August 26, 2011

I want....

Two weeks from now on, I will be sixteenth. I never get excited towards my birthday, since i'm 12th. Everything is just, flat. Should i say so? It's not that i wish for a birthday-bash, or a surprise from my bestfriends, or a thousand messages on my phone right when i wake up. It's just that i think my knowledge, about my own self, isn't improving.

The more I get older, the more i know that I'm just an ordinary teenage alive. So what if i'm ordinary? The thing is, i want to be the extra one. I wanna achieve so many things in my life, eventhough i'm still fifteenth. I want to be a good writer, at least i want my writings get published in some newspaper or magazines, but the thing is, i'm not good enough for it.

I always think that i'm good in Languages. But compare to another people, my skill is barely a zigot. Which hasn't qualified to get a birth. I effort everything, I watch movies with english subtitles, I buy bilingual math-books, i read english article, and i even try listening to song and guessing the lyrics. But, there's still nothing to be proud of. You know, when people start to think they are good in something, they really are. Because they have given their best, and that's what they deserve. But when people say that they haven't tried their best, they really haven't. Because a good thing; a great result comes along the suffocating sacrifice.

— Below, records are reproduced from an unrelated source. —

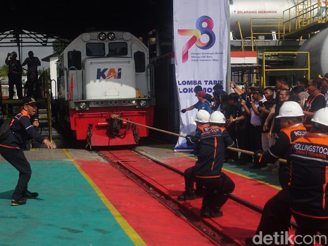 "Jadi ini cepat-cepatan, paling dulu sampai itu yang menang, jaraknya 15 meter. Ini masing-masing lokomotif beratnya 80 ton yang ditarik 10 orang dalam satu tim," bebernya.
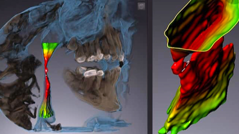 La imagen tridimensional de la paciente permite visualizar la capacidad de las vías aéreas y su posible obstrucción.
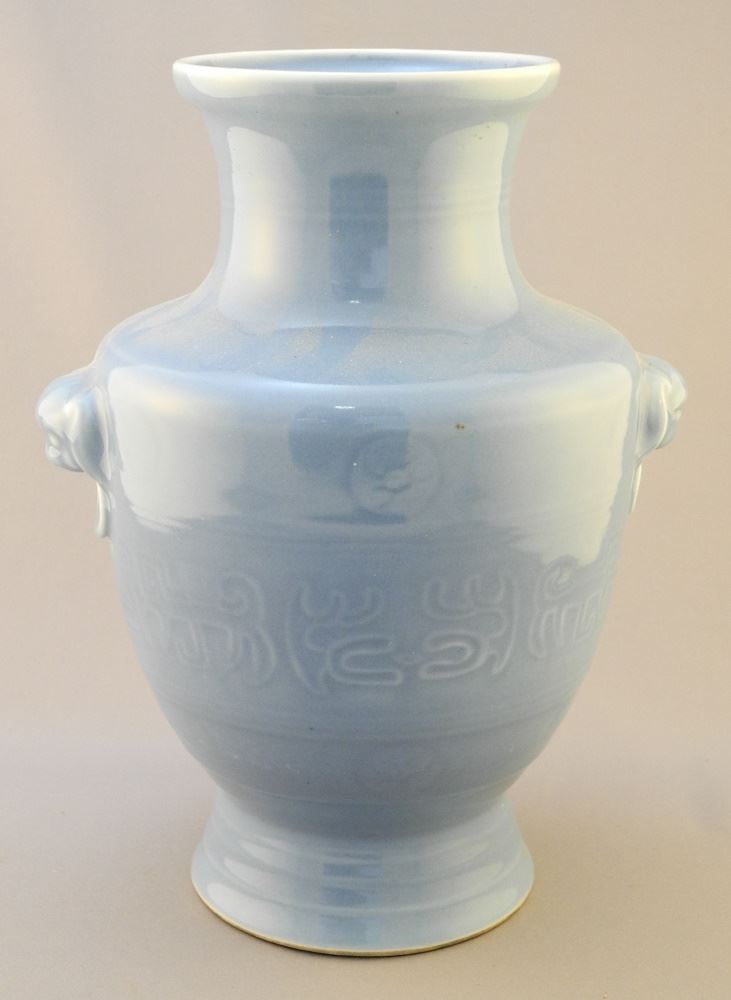 Chinese Blue Glazed Porcelain Vase, Qianlong Mark, 10 7/8"L.

Back to myself, until this far, i analyze myself as the most selfish human alive. I don't get along with good things so easily; that also happens to my to-do-list-things. I disappointed at myself, so much. That i always procrastinate things. That I always be sloppy. And creating another regret, and regret, and regret. 

My dream, is to make people feel happy whenever they're with me. To make them forget what sadness is when they're with me. I want to be a smile-machine, so when i'm sad, i can remember a plenty happy-faces i saw when i was with them. By then, i will tell myself that who else would be a smile-machine for myself if it's not me? 

I don't want to depend, or rely my life on anybody, but myself and Allah.

Because life these days, too cruel to be believed in.